The text reads: Rope making was documented in Ormskirk as far back as 1679 and by the end of the 18th century, was a significant local industry. There were roper’s shops on Burscough Street Wigan Road, Aughton Street, Ruff Lane and Southport Road. The biggest rope makers in Ormskirk were Tilsley’s on Wigan Road. Although, there was at one time a larger company called Rigby-Jones & Co but these moved to Ireland and became Irish Ropes Ltd. Hemp for making the rope was also sourced locally.
There are different types of rope which include:
Laid or twisted – consists of three strands built in three steps. The fibres are gathered and spun into yarn. The yarn is then grouped and twisted into strands. The strand is then twisted into rope.
Braided – single braided: and even number of strands, typically eight or twelve, are braided into a circular pattern with half the strands going clockwise and half going anti-clockwise.
Plaited – braiding twisted strands, also called square rib rope.
Text about James Ikin Nunnerley.
The text reads: James Ikin Nunnerley was born around 1831 in Warrington, Cheshire. He was a draper before his enlistment at Dundalk. He was a member of Captain Morris’ troop; in April 1851, Morris’ squad book stated that Nunnerley was 23 years old and 6 foot tall, weighing 12st 4lb. He took part in the charge of the Light Brigade on 25 October 1854 – a charge of the British Light Cavalry against Russian forces, during the Battle of Balaclava, in the Crimean War. Owing to miscommunications in the chain of command, the Light Brigade was sent on a frontal assault, on horse-back, armed with only lances and sabres. This led to very high British casualties.

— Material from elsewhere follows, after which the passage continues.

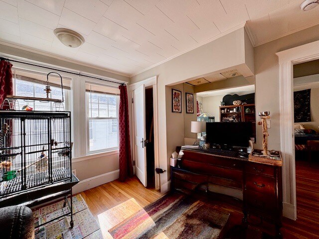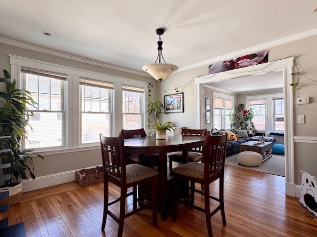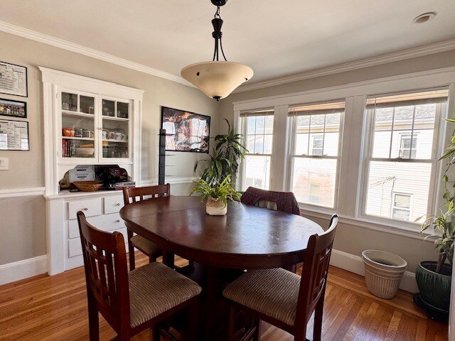This is a real home!! Great natural sunlight in this 2 level apartment that features a living room, dining room, Eat in Kitchen with Breakfast Nook, Pantry and 3 season porch along with a yard. The top floor primary suite has its own 2nd living room, office, wet bar and bath!!! Garage parking for 1 & additional 3 outdoor space INCLUDED IN RENT. Laundry is exclusively for this unit in the basement and there is plenty of storage. Pets are negotiable. Close to rt 16, 93, and Lifetime Fitness, BJ's, Supermarkets, parks and restaurants. WELLINGTON TRAIN STOP RIGHT DOWN THE STREET 2 OFFICES 2 DECKS PARKING FOR 4 CARS High Ceilings Private laundry Storage Yard Garage Parking Private sunroom
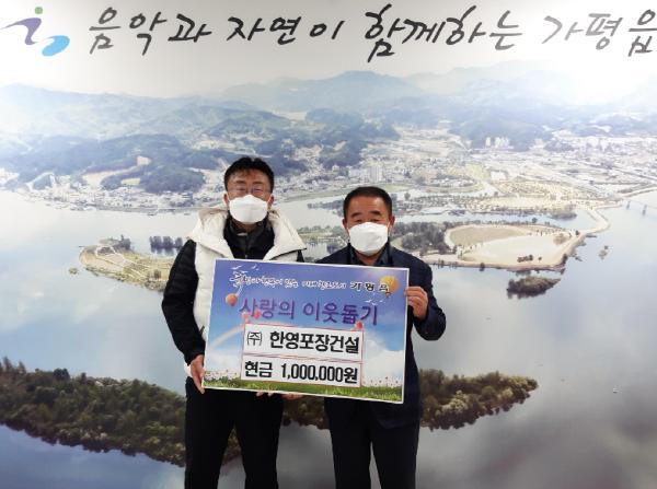 ㈜한영포장건설(대표 용환영)은 2월 26일 가평읍행정복지센터 맞춤형복지팀에 관내 저소득층 주민들을 위해 사용해 달라며 사랑의 이웃돕기 성금 100만원을 기탁했다.

Text about horses during the First World War.
The text reads: More than 200,000 horses that went to war in World War 1, with the soldiers, were trained near Ormskirk. When the First World War broke out in 1914, Liverpool was chosen as a port site for the importing of horses to be used during hostilities.
With a lack of suitable sites for training horses near the city, Lathom House was offered to the war department free of charge. The horses were procured by the army to serve on the Western Front in France and Belgium.
Horses were normally carried in ventilated horse boxes which could hold food and be easily cleaned out.
Some horses had a passenger compartment for a groom to accompany the horses.
A photograph and text about Sally Woods.
The text reads: Sally Woods (central figure in the photo) was an ‘Ormskirk gingerbread lady’ and a widow with 13 children to feed. Sally would make the mixture for her gingerbreads at her home in Mill Street then take it to the ovens in Burscough Street. Passing through an alleyway alongside a beer house nicknamed the ‘Monkey’s Nest’, which later became Newland’s tool and hardware store. Sally would take her basket of gingerbreads to sell on market days. She also sold to travellers on trains that passed through the town. It is reported that even Edward VIII was a fan! The wallpaper here shows a gingerbread army in Church Street!
A gingerbread inspired sculpture.
This model is part of the Ormskirk Community Partnership Gingerbread Project. The name ‘Ormskirk’ is Old Norse in origin and is derived from ‘Ormres Kirkja’ from a personal name ‘Ormr’, which means ‘serpent or dragon’ – hence this design.
External photograph of the building – main entrance.